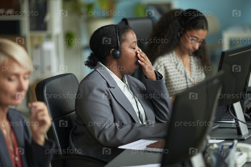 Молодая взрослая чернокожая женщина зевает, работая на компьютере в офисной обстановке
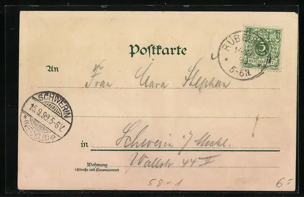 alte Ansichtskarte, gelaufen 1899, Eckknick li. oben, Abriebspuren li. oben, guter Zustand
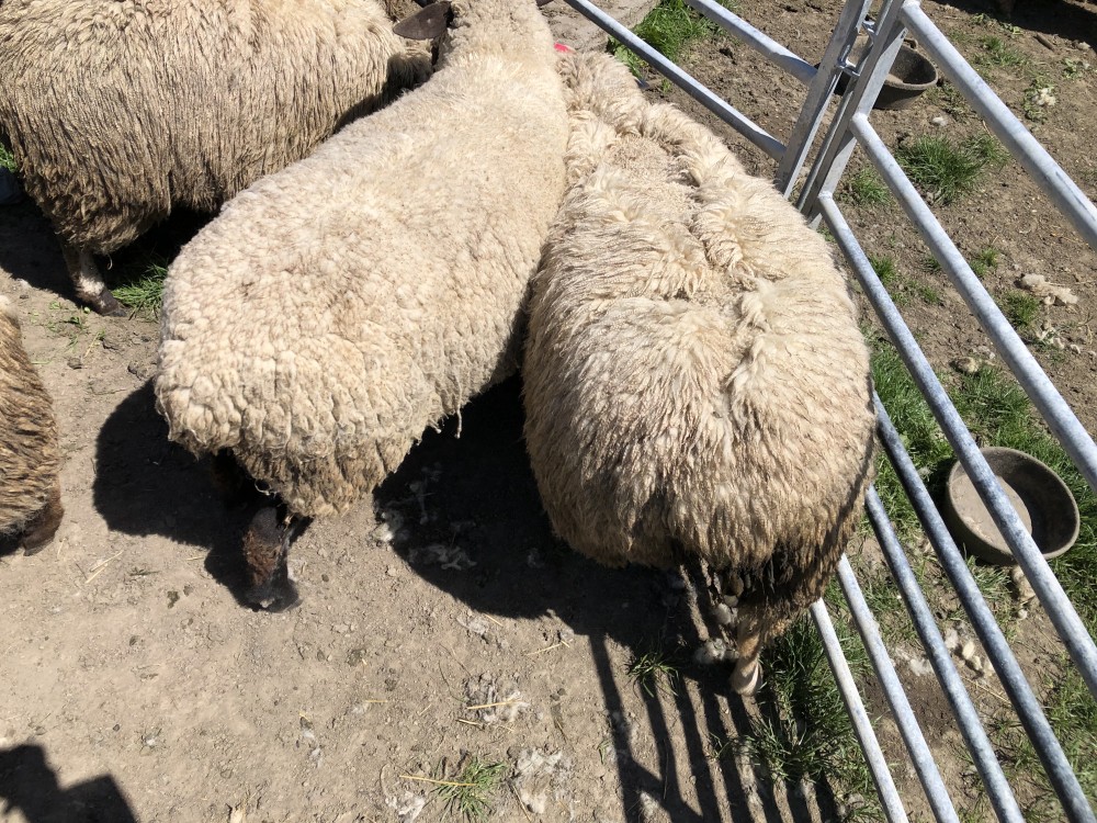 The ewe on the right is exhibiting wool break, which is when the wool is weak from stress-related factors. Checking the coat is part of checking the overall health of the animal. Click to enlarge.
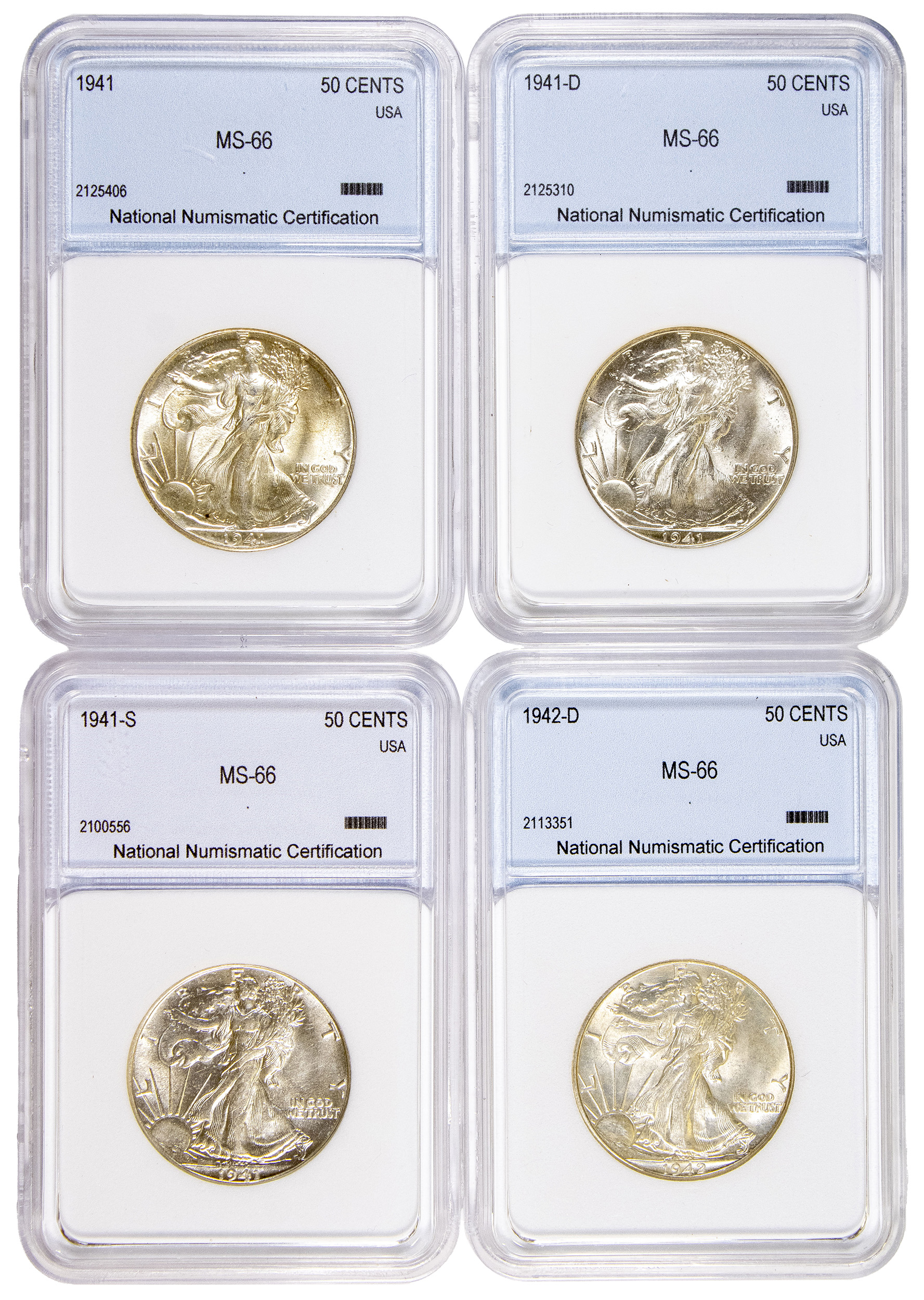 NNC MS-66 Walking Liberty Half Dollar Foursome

## [GOAL OF THE EXERCISE]
Give the data again exactly. Keep the images out.

## [SOLUTION TO THIS TASK]
 Молодая взрослая чернокожая женщина зевает, работая на компьютере в офисной обстановке
 alte Ansichtskarte, gelaufen 1899, Eckknick li. oben, Abriebspuren li. oben, guter Zustand
 The ewe on the right is exhibiting wool break, which is when the wool is weak from stress-related factors. Checking the coat is part of checking the overall health of the animal. Click to enlarge.
 NNC MS-66 Walking Liberty Half Dollar Foursome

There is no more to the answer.